Gegensatz: Gesellschaft als ideeller Ausgangs- oder Endpunkt
Der Liberalismus argumentiert, dass die Menschen Mängelwesen sind und daher in Gemeinschaft leben. Schon unsere tierischen Vorfahren mussten in Gemeinschaften leben, um sich biologisch zu Menschen zu entwickeln und nahmen ihr biologisches Erbe, ihre Triebe und Instinkte mit in die menschliche Gesellschaft. Jeder Einzelne wird in die Gesellschaft hineingeboren. Das Neugeborene geht eine symbiotische Verbindung mit der Mutter ein (Klein-Gesellschaft) und diese ist bereits Mitglied der (Groß-)Gesellschaft. Gesellschaft ist ein Komplex11 von kleingemeinschaftlichen Gruppen, die Obergruppen bilden. Das Bestehen einer Gruppe ist an bestimmte Regeln gebunden, ohne die sie sich zersetzen würde. Die Regeln sind eine objektive Notwendigkeit zum Überleben für alle Gruppenmitglieder, die ohne die Vergesellschaftung nicht existieren können. Es ist daher für jeden existenziell notwendig, die Regeln der Gruppe anzuerkennen. Recht ist immer historisch und gesellschaftlich. Sie basiert auf Konvention. Der Rechtsbegriff ist außerhalb von gesellschaftlichen Bezügen inhaltsleer. Es gibt kein Naturrecht, nur Gesellschaftsrecht. Daher ist der Begriff des „Selbsteigentums“ keine rechtliche Idee, sondern ein Mythos. Und auch die Freiheit des Menschen muss gewahrt und durchgesetzt werden, wozu es Konventionen, Recht und erzwingbares Gesetz geben muss, folglich eine Gesellschaftsordnung. Der Rechtsstaat ist der allgemeine Regelrahmen der Gesellschaft. Für die Liberalen dient der Staat dem Funktionieren der Gesellschaft. Ausgangs- und Bezugspunkt aller Überlegungen ist aber stets der einzelne Mensch in seiner sozialen Gebundenheit. Er hat sich spontan über eine jahrtausendelange Geschichte herausgebildet, weil er den Menschen nützt.

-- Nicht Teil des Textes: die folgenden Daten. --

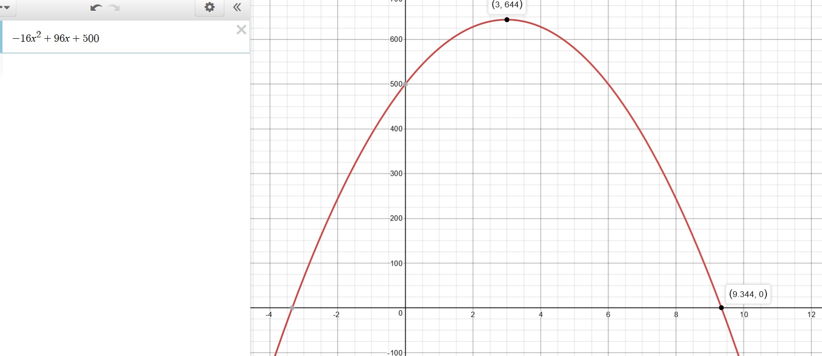 c 0 = -16t^2+96t+500 use quadratic fomual to find t=9.34 sec to the ground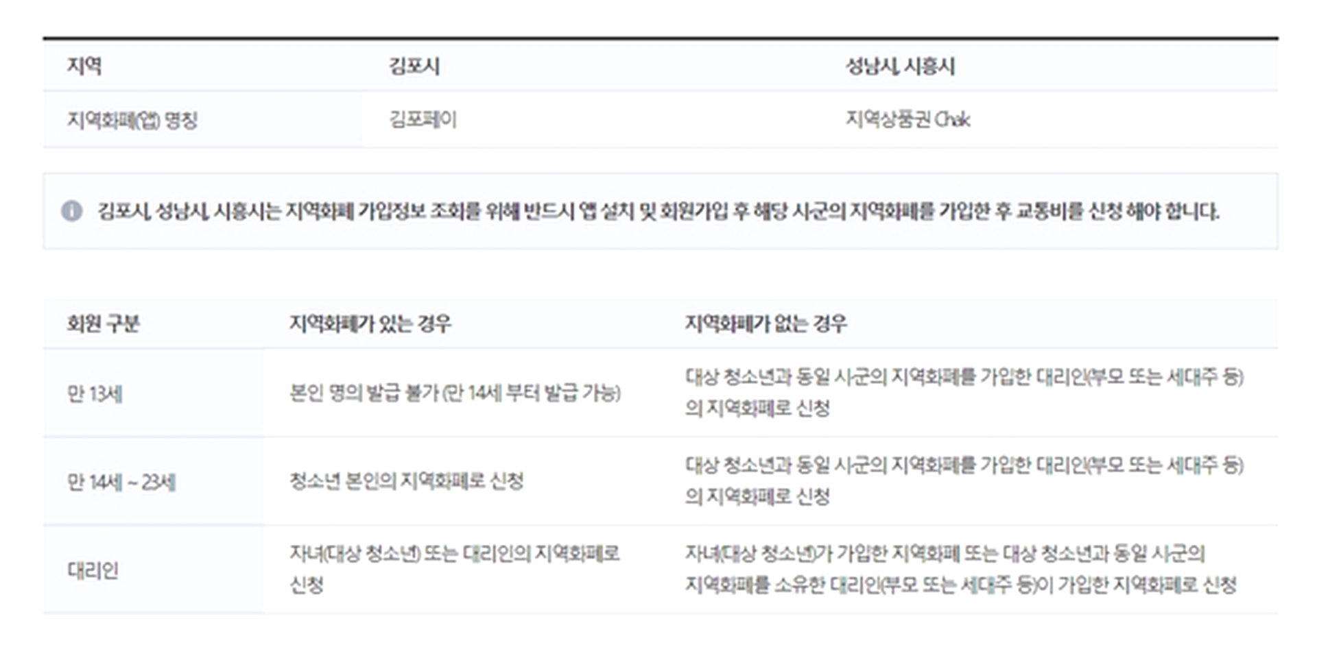 단, 지역화폐가 없을 경우 휴대전화에 경기지역화폐 앱을 설치하고 회원가입 후 거주하고 있는 지역화폐를 휴대폰 앱에 등록한 후 교통비를 신청하셔야 해요.

Anarchisten begründen die Nichtrechtmäßigkeit von Herrschaft aus einem naturrechtlichen Standpunkt. Der Ansatzpunkt ist die Idee eines Menschen, der unabhängig von seiner wirklichen Lage, quasi von Natur aus das Recht zur Selbstbestimmung hätte. Es ist im Kern eine metaphysische Argumentation, die sich an die historische Wurzel des Naturrechtsdenkens (Grotius’ Begriff der natürlichen Religion) eng anlehnt, nämlich an christlich-theologische Auffassungen; es ist eine Spielart deistischer Theologie, ein Mythos.12 Daraus folgt, dass es kein Verfahren gibt, das die Anwendung von Zwang rechtfertigen könne. Zwang sei immer Unrecht. Der Anarchist muss daher alle Gesetze ablehnen, denen er nicht selbst zugestimmt hat. Alle rechtlichen Verhältnisse, denen er nicht ausdrücklich zustimmt, sind für ihn ungültig. Der Anarchist ist nicht in der Lage zu erklären, wie die Menschen ursprünglich die Gesellschaft bildeten. Da niemals alle Menschen gleicher Meinung in allen gesellschaftlichen Fragen sind, gibt es überhaupt keine Möglichkeit, ein allgemein verbindliches Recht und damit eine zusammenhängende Gesellschaft über einen Vertrag zu stiften. Er muss also zu Mythen greifen, die scheinbar erklären, dass Menschen ursprünglich in einen Staat gezwungen wurden, etwa durch Usurpation. Sie geraten aber dabei in einen infiniten Regress. Wie kamen die Usurpatoren zum Staat?
Gegensatz: Legitimität
Der Liberalismus sieht den demokratischen Staat als legitim an. Legitimität bedeutet zustimmungs- respektive anerkennungsfähig und damit rechtmäßig. Die Anerkennung der Legitimität von Herrschaft ist eine unabdingbare Voraussetzung für das Funktionieren der Gesellschaft. Deren Funktionieren wiederum ist der Grund für die Anerkennung. Es ist ein wechselseitiges Nutzenverhältnis. Für Liberale ist der Staat nützlich, und er soll stark sein, stark als Schutz von Recht und Ordnung.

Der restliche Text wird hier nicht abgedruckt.